Два дня прошли благополучно.
А на третий за утренним чаем жене Берегова подали письмо.
Она распечатала его, пожала плечами, рассмеялась и, протягивая Берегову, сказала:
-- Еще один экземпляр. Ну уж, я не такая дура. Даже читать не буду.
-- И слава Богу, -- усмехнулся Берегов, быстро пробегая глазами письмо. В нем кто-то незнакомым почерком "ставил в известность госпожу Берегову", что муж ее сегодня вечером должен быть с Марьей Антоновной Лимоновой в "Аркадии"...
-- Да-с, да-с, да-с, -- рассеянно улыбнулся Берегов. -- Много нынче всякой чепушенции пишут.
Порвал письмо на клочки и придвинул к себе свежий стакан чаю.

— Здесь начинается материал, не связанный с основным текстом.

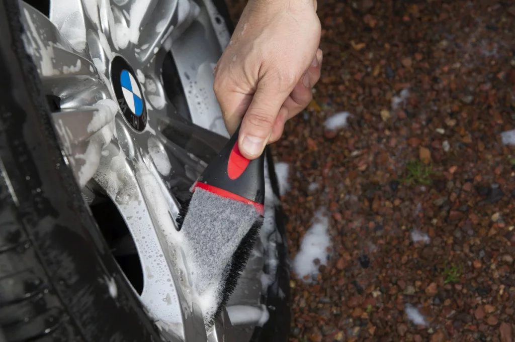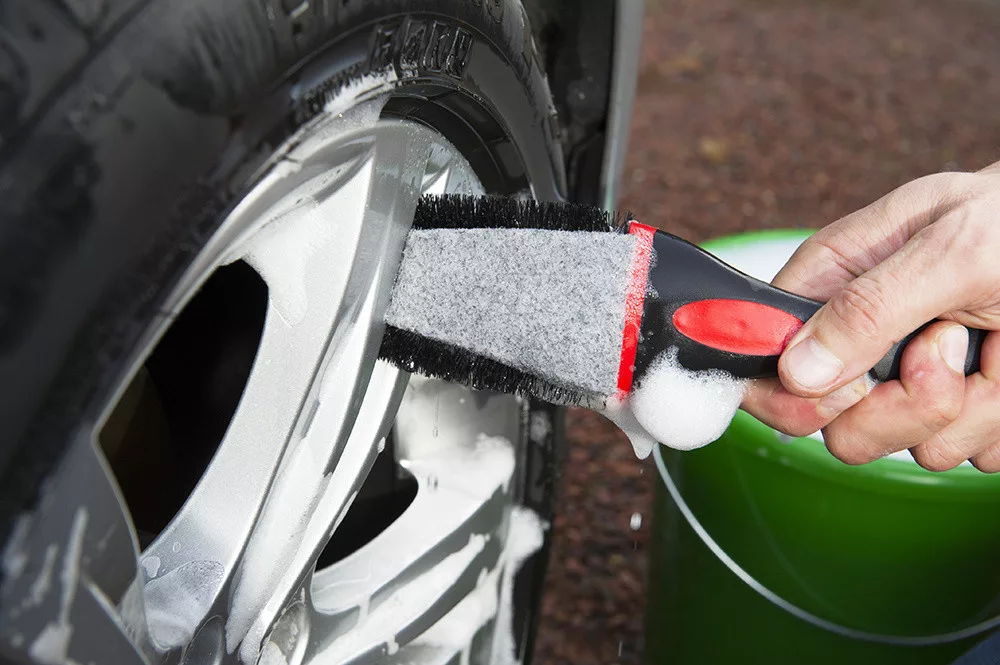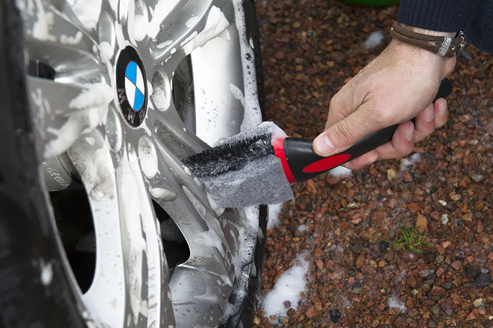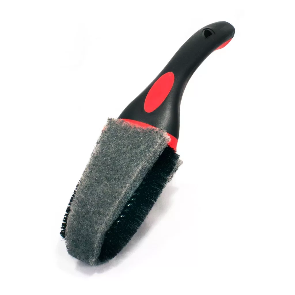 A keményebb sörték és a nylon textil (az ipari szőnyeghez hasonló anyag) megbízhatóan eltávolítják a fékpor-lerakódásokat és az útról származó szennyeződéseket.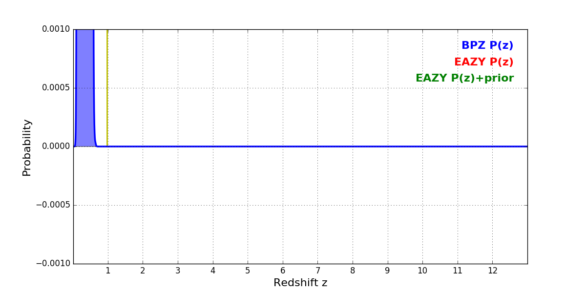 In P(z) plots: Yellow lines mark the cluster redshift z = 0.972,

-- Ты нынче что вечером делаешь? -- спросила жена.
-- В "Аркадии" буду ужинать. Сегодня начальника дороги чествуем.
-- И прекрасно, -- сказала жена, приглаживая его растрепавшиеся волосы. -- А то ты совсем у меня заработался.
V. БЕРЕГОВ УСТРАИВАЕТСЯ ПО-СВОЕМУ
Был уже час ночи, когда инженер Берегов, войдя черным ходом в свою собственную квартиру, тихонько положил саквояж и чемодан в угол коридора, снял пальто, шляпу и затем неслышными шагами прокрался в спальню.
Спальня была освещена лишь слабым голубым светом маленькой ночной лампочки. Однако при этом свете можно было разобрать все: разбросанное по стульям и дивану мужское и женское платье, ботинки -- весь тот милый беспорядок, который производится поспешностью и любовью.
На столе лежал котелок.
Инженер Берегов улыбнулся уголком рта, бесшумно поставил у самой кровати стул, опустился на него и, закурив папиросу, погрузился в ожидание.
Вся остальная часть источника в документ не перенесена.